● **Activity**
Everything in the data must be repeated exactly, apart from the pictures, which are left out.

● **Exercise data**
============

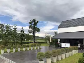 you'll see a beautiful white house in the middle of a rice field overlooking Doi Sango.
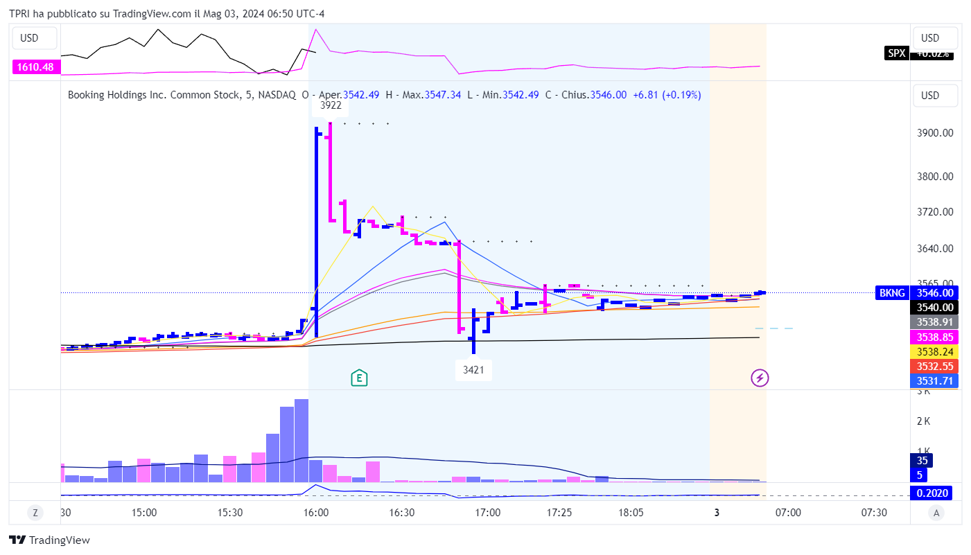 Booking Holdings ha superato le previsioni sugli utili, mentre anche il fatturato è stato superiore alle stime. Il titolo BKNG è salito leggermente verso laSMA50D.
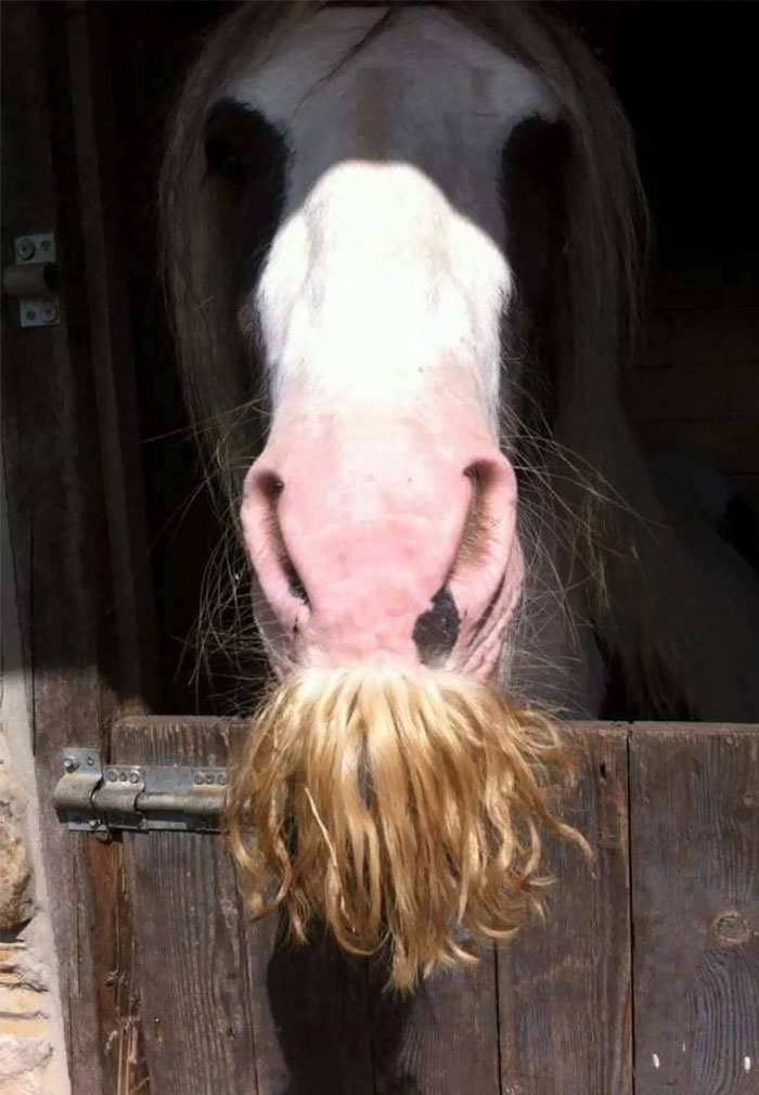 DéconnectéDire merci | Je n'aurai pas trouvé non plus la précédente énigme. Pour la nouvelle, c'est un cheval avec moustaches Mais je ne me souviens plus si c'est spécifique à une race. |

============

● **Exercise response**
 you'll see a beautiful white house in the middle of a rice field overlooking Doi Sango.
 Booking Holdings ha superato le previsioni sugli utili, mentre anche il fatturato è stato superiore alle stime. Il titolo BKNG è salito leggermente verso laSMA50D.
 DéconnectéDire merci | Je n'aurai pas trouvé non plus la précédente énigme. Pour la nouvelle, c'est un cheval avec moustaches Mais je ne me souviens plus si c'est spécifique à une race. |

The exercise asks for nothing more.